Print, word for word, the line containing "Black Short Sleeve Button Down Dress" and all lines beneath it to the end of the entries below. Pictures do not belong in the copy.

- Opening Delimiter -

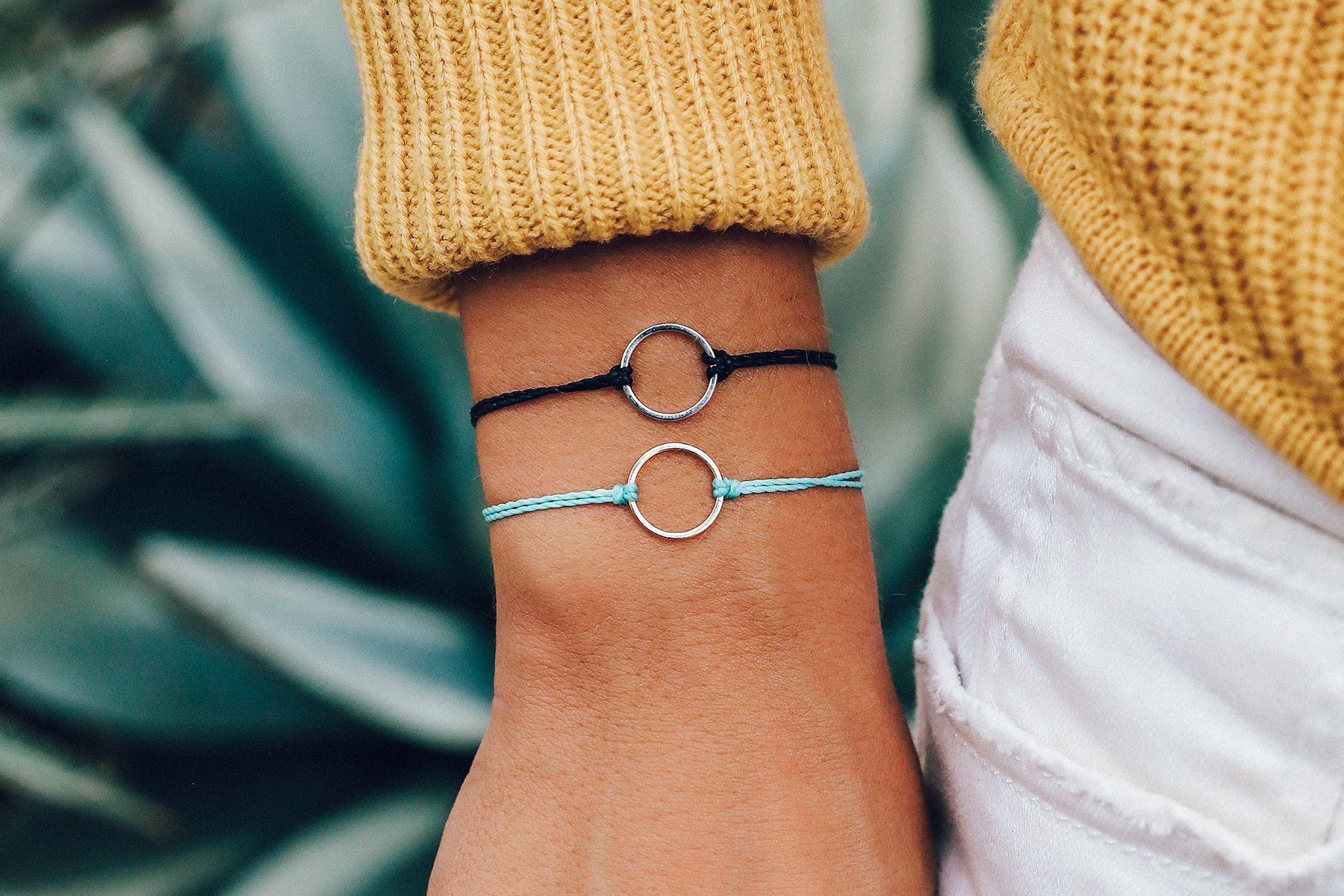 Our new Circle Charm Bracelet is the perfect style for stacking all year ‘round (pun intended!). Available in two string colors, this bracelet features a circle-shaped charm in a gold or silver finish, and looks perfect when paired with an armful of Originals.
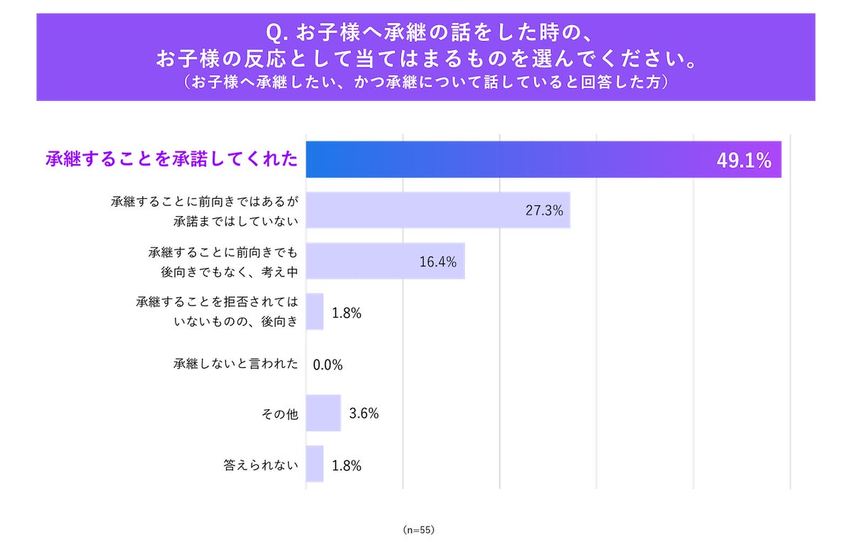 その一方で、子どもに承継させたいと考えている経営者は、子どもと承継についてきちんと話をしている割合が高く、「承継することを承諾した」という反応が多かったことから、事業承継の準備が進んでいるということがわかります。
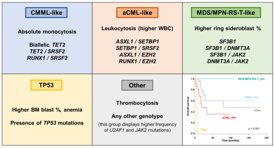 Molecular subtypes of MDS/MPN-U. Molecular classification of MDS/MPN-U based on the presence of specific gene mutation combinations. Morphological features of each subtype are also described in the corresponding panel. Overall survival of molecular subtypes is depicted at the bottom right corner. Based on data from Palomo et al. [4]. Abbreviations: aCML: atypical chronic myeloid leukemia; BM: bone marrow; CMML: chronic myelomonocytic leukemia; MDS/MPN-RS-T: myelodysplastic/myeloproliferative neoplasm with ring sideroblasts and thrombocytosis; WBC: white blood cell count.
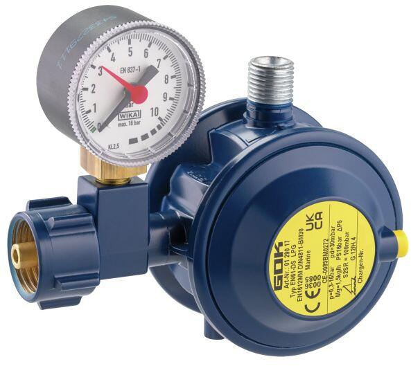 GOK Gasregler EN61-DS (KLF x G1/4LH-KN-90G UEDS Man. Marine), 1,5kg/h, 30mbar
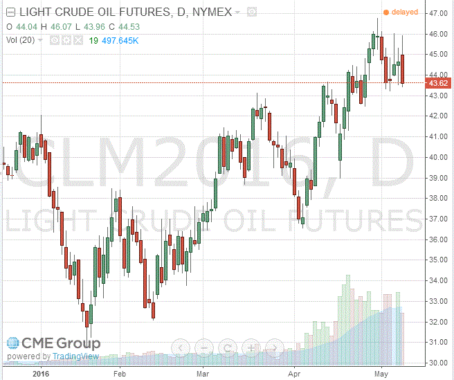 Стоимость июньских фьючерсов на американскую легкую нефть марки WTI (Light Sweet Crude Oil) упала до 43,62 доллара за баррель.
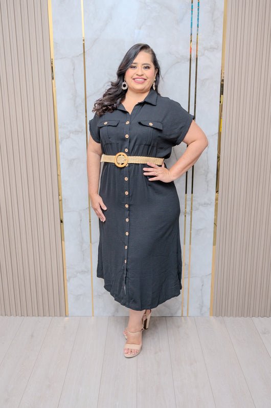 Black Short Sleeve Button Down Dress
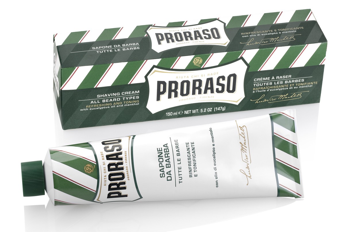 - Die Proraso Green Rasiercreme sorgt für ein sanftes Gleiten des Rasierers und schützt die Haut.
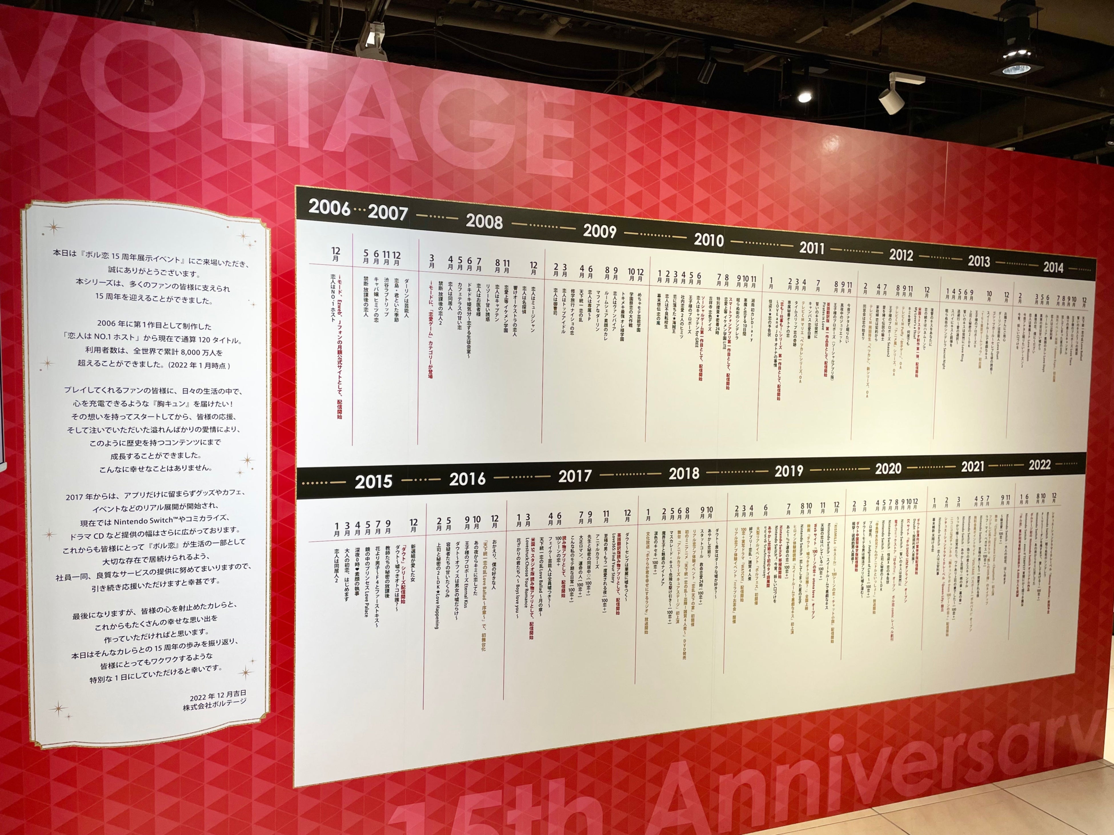 会場入り口では特大の描き下ろしキービジュアルが皆様をお出迎えしており、一歩中に入ると、メッセージやボル恋の歴史をまとめた年表がお目見え。
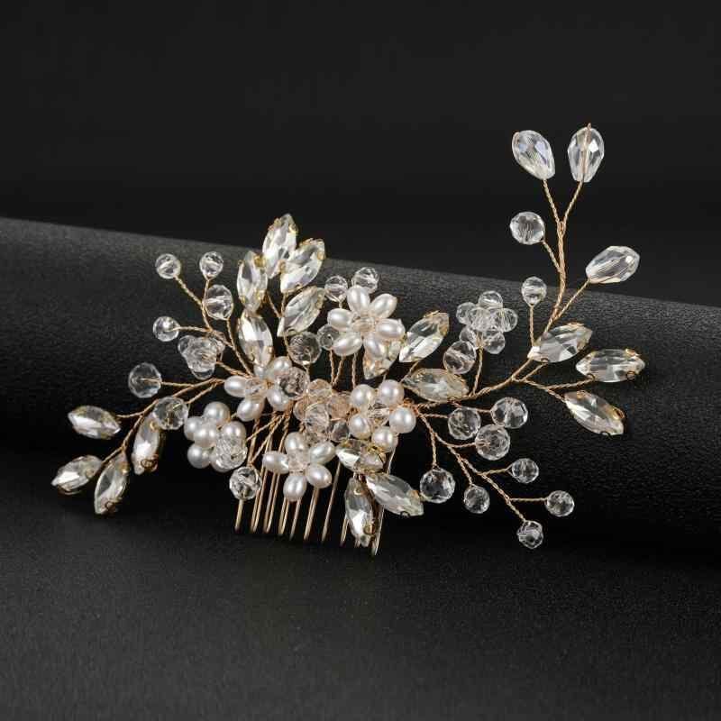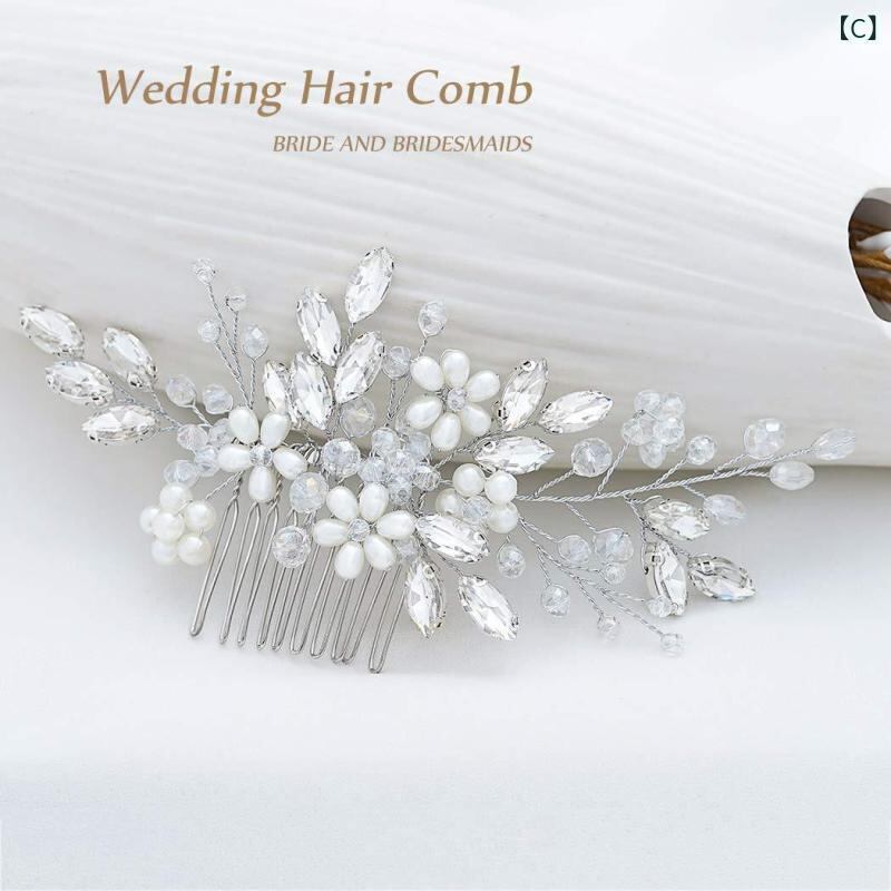 ヘアアクセサリー レディース 女性用 花嫁 挙式 新婦 ウェディング 結婚式 ブライダル 披露宴 欧米風 パール パール クリスタル 水晶 合金 ヘアコーム 髪飾り かんざし ゴールド シルバー

- Closing Delimiter -

SOLUTION:
 Black Short Sleeve Button Down Dress
 - Die Proraso Green Rasiercreme sorgt für ein sanftes Gleiten des Rasierers und schützt die Haut.
 会場入り口では特大の描き下ろしキービジュアルが皆様をお出迎えしており、一歩中に入ると、メッセージやボル恋の歴史をまとめた年表がお目見え。
 ヘアアクセサリー レディース 女性用 花嫁 挙式 新婦 ウェディング 結婚式 ブライダル 披露宴 欧米風 パール パール クリスタル 水晶 合金 ヘアコーム 髪飾り かんざし ゴールド シルバー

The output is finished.